* _WHAT TO WORK ON_: With the pictures left out, every record must be reproduced exactly.

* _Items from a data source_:
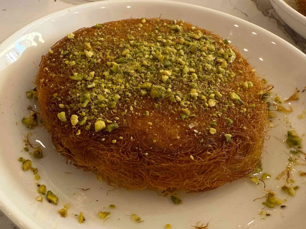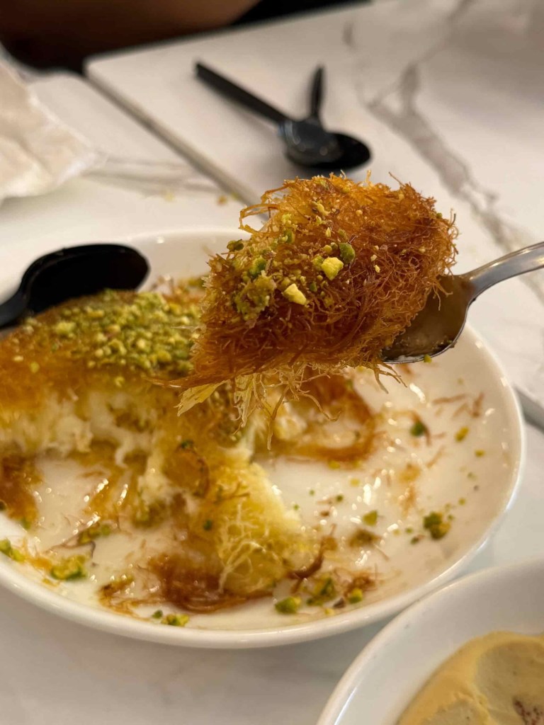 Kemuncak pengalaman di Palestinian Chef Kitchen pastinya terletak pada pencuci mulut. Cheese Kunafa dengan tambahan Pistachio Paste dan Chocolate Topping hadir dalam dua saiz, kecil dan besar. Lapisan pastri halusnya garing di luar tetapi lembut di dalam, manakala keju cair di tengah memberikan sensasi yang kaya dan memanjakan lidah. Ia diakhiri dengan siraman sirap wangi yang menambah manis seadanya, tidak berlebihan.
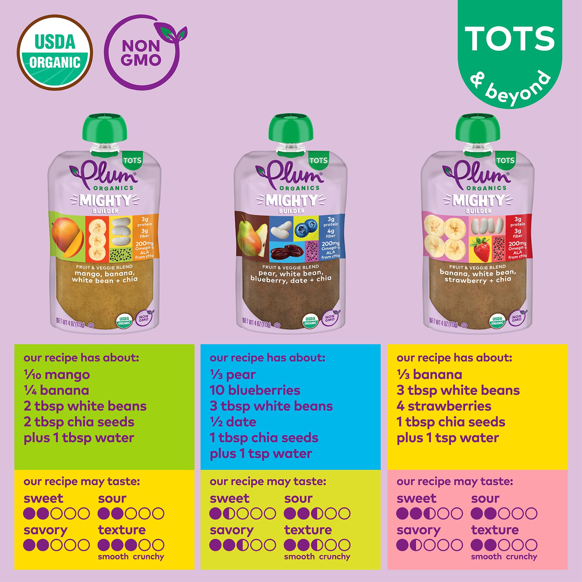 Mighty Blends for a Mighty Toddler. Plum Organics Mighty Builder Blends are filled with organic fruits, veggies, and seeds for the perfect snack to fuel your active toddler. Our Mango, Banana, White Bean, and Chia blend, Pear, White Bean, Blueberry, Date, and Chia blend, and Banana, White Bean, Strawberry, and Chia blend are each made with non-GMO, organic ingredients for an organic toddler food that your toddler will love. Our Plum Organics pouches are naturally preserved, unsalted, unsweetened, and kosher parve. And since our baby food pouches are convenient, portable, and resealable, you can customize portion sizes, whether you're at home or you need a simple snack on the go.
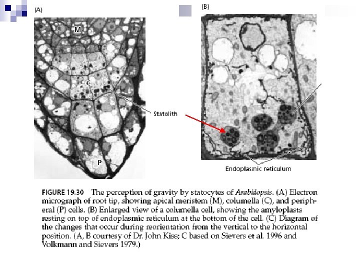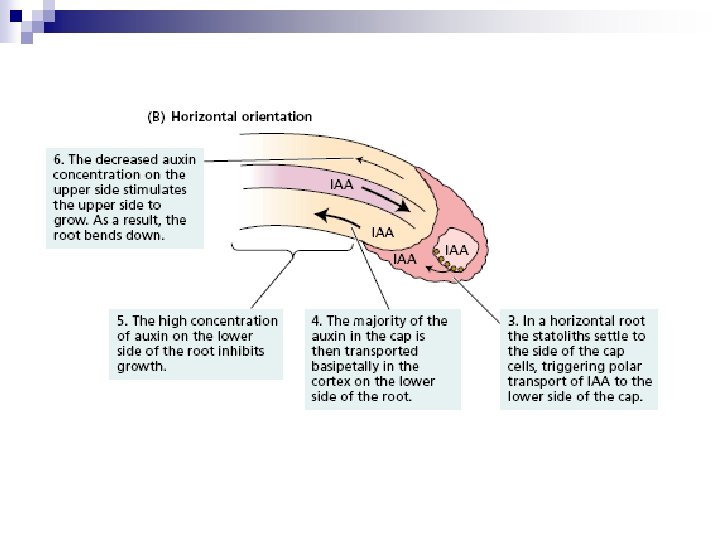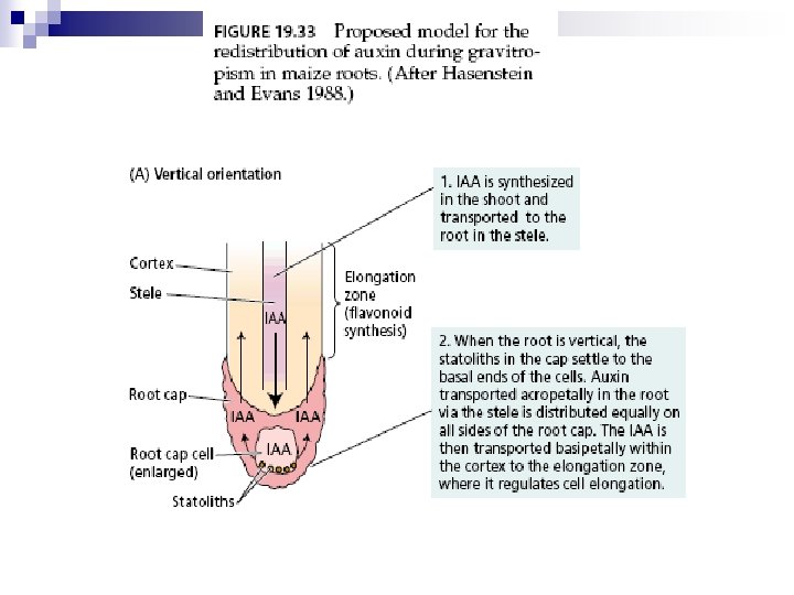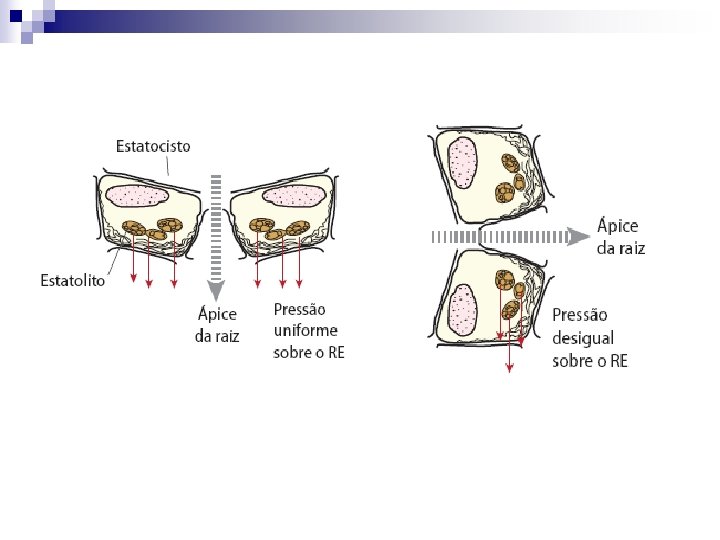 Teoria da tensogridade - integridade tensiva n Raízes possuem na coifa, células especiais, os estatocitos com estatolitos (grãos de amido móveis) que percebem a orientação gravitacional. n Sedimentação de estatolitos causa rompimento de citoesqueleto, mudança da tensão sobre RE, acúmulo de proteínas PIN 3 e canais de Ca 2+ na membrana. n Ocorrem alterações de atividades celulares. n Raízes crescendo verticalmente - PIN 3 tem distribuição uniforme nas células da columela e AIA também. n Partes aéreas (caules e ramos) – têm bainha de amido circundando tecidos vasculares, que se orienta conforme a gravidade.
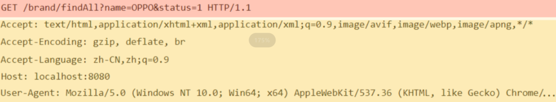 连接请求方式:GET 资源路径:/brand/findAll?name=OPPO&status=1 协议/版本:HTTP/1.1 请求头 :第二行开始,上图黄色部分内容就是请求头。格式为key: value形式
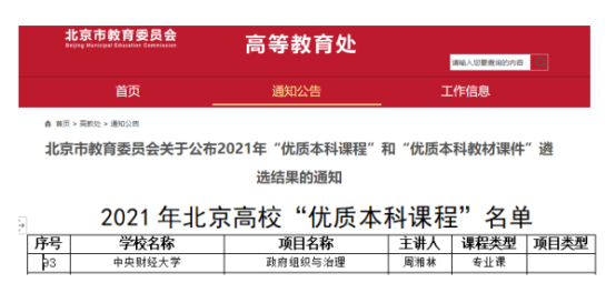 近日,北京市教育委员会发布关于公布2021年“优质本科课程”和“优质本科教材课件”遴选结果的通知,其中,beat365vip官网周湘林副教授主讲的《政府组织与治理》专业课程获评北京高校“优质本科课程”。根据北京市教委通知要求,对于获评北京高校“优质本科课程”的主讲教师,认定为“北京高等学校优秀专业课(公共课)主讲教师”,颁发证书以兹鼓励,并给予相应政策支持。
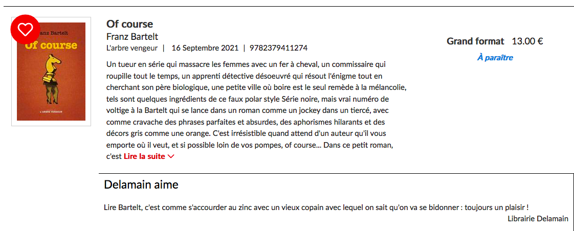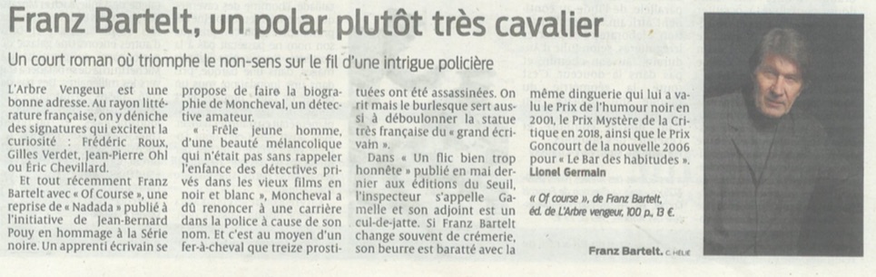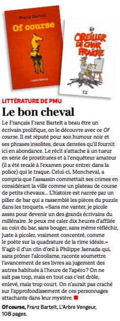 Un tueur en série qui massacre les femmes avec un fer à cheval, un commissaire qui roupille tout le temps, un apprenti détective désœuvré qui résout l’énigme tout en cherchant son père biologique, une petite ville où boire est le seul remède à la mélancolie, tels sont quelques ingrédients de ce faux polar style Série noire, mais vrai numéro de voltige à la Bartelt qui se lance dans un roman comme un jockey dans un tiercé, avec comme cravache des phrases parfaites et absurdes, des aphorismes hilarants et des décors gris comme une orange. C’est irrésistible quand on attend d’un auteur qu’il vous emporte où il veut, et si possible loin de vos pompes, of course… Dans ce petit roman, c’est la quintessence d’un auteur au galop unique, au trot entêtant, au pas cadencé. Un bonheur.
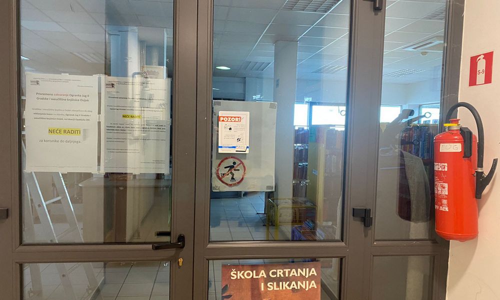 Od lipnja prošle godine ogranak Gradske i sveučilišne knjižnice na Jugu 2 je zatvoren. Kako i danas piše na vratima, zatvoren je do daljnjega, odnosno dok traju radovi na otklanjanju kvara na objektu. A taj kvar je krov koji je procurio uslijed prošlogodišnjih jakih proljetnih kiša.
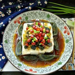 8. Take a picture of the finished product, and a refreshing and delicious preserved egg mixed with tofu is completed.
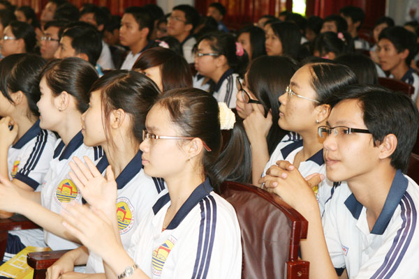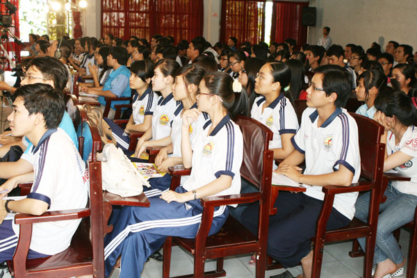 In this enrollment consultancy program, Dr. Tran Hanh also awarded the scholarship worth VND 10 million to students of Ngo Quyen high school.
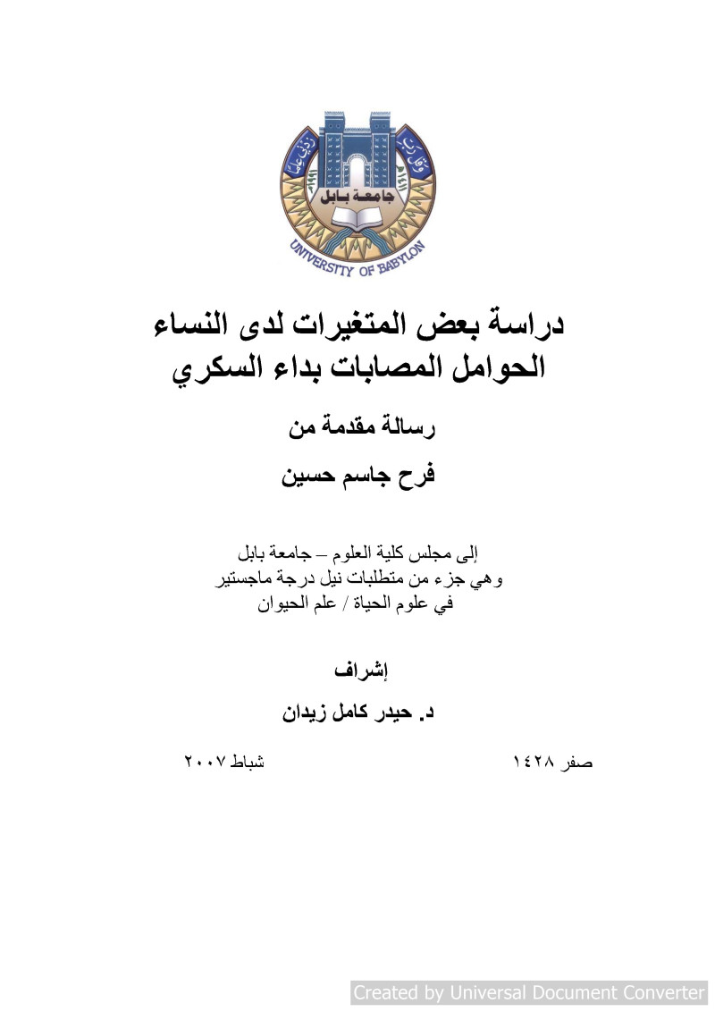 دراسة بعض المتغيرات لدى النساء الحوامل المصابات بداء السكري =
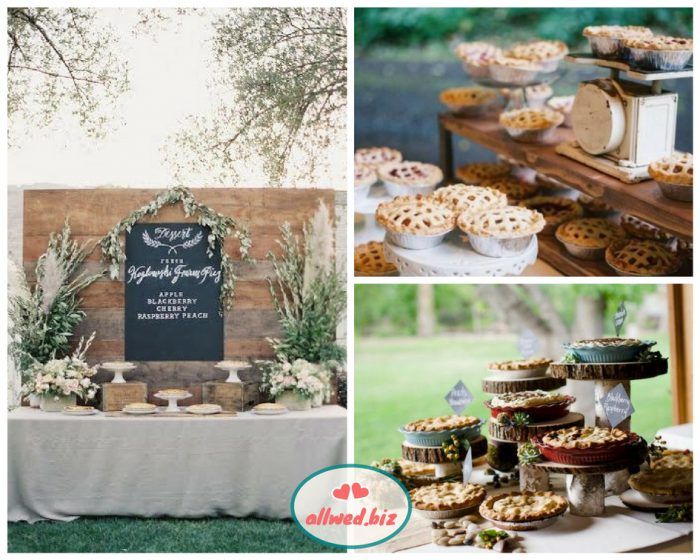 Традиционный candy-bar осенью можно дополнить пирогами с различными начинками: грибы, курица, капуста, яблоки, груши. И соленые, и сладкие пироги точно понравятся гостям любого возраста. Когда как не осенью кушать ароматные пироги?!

* _OUTPUT FOR THIS EXERCISE_:
 Kemuncak pengalaman di Palestinian Chef Kitchen pastinya terletak pada pencuci mulut. Cheese Kunafa dengan tambahan Pistachio Paste dan Chocolate Topping hadir dalam dua saiz, kecil dan besar. Lapisan pastri halusnya garing di luar tetapi lembut di dalam, manakala keju cair di tengah memberikan sensasi yang kaya dan memanjakan lidah. Ia diakhiri dengan siraman sirap wangi yang menambah manis seadanya, tidak berlebihan.
 Mighty Blends for a Mighty Toddler. Plum Organics Mighty Builder Blends are filled with organic fruits, veggies, and seeds for the perfect snack to fuel your active toddler. Our Mango, Banana, White Bean, and Chia blend, Pear, White Bean, Blueberry, Date, and Chia blend, and Banana, White Bean, Strawberry, and Chia blend are each made with non-GMO, organic ingredients for an organic toddler food that your toddler will love. Our Plum Organics pouches are naturally preserved, unsalted, unsweetened, and kosher parve. And since our baby food pouches are convenient, portable, and resealable, you can customize portion sizes, whether you're at home or you need a simple snack on the go.
 Teoria da tensogridade - integridade tensiva n Raízes possuem na coifa, células especiais, os estatocitos com estatolitos (grãos de amido móveis) que percebem a orientação gravitacional. n Sedimentação de estatolitos causa rompimento de citoesqueleto, mudança da tensão sobre RE, acúmulo de proteínas PIN 3 e canais de Ca 2+ na membrana. n Ocorrem alterações de atividades celulares. n Raízes crescendo verticalmente - PIN 3 tem distribuição uniforme nas células da columela e AIA também. n Partes aéreas (caules e ramos) – têm bainha de amido circundando tecidos vasculares, que se orienta conforme a gravidade.
 连接请求方式:GET 资源路径:/brand/findAll?name=OPPO&status=1 协议/版本:HTTP/1.1 请求头 :第二行开始,上图黄色部分内容就是请求头。格式为key: value形式
 近日,北京市教育委员会发布关于公布2021年“优质本科课程”和“优质本科教材课件”遴选结果的通知,其中,beat365vip官网周湘林副教授主讲的《政府组织与治理》专业课程获评北京高校“优质本科课程”。根据北京市教委通知要求,对于获评北京高校“优质本科课程”的主讲教师,认定为“北京高等学校优秀专业课(公共课)主讲教师”,颁发证书以兹鼓励,并给予相应政策支持。
 Un tueur en série qui massacre les femmes avec un fer à cheval, un commissaire qui roupille tout le temps, un apprenti détective désœuvré qui résout l’énigme tout en cherchant son père biologique, une petite ville où boire est le seul remède à la mélancolie, tels sont quelques ingrédients de ce faux polar style Série noire, mais vrai numéro de voltige à la Bartelt qui se lance dans un roman comme un jockey dans un tiercé, avec comme cravache des phrases parfaites et absurdes, des aphorismes hilarants et des décors gris comme une orange. C’est irrésistible quand on attend d’un auteur qu’il vous emporte où il veut, et si possible loin de vos pompes, of course… Dans ce petit roman, c’est la quintessence d’un auteur au galop unique, au trot entêtant, au pas cadencé. Un bonheur.
 Od lipnja prošle godine ogranak Gradske i sveučilišne knjižnice na Jugu 2 je zatvoren. Kako i danas piše na vratima, zatvoren je do daljnjega, odnosno dok traju radovi na otklanjanju kvara na objektu. A taj kvar je krov koji je procurio uslijed prošlogodišnjih jakih proljetnih kiša.
 8. Take a picture of the finished product, and a refreshing and delicious preserved egg mixed with tofu is completed.
 In this enrollment consultancy program, Dr. Tran Hanh also awarded the scholarship worth VND 10 million to students of Ngo Quyen high school.
 دراسة بعض المتغيرات لدى النساء الحوامل المصابات بداء السكري =
 Традиционный candy-bar осенью можно дополнить пирогами с различными начинками: грибы, курица, капуста, яблоки, груши. И соленые, и сладкие пироги точно понравятся гостям любого возраста. Когда как не осенью кушать ароматные пироги?!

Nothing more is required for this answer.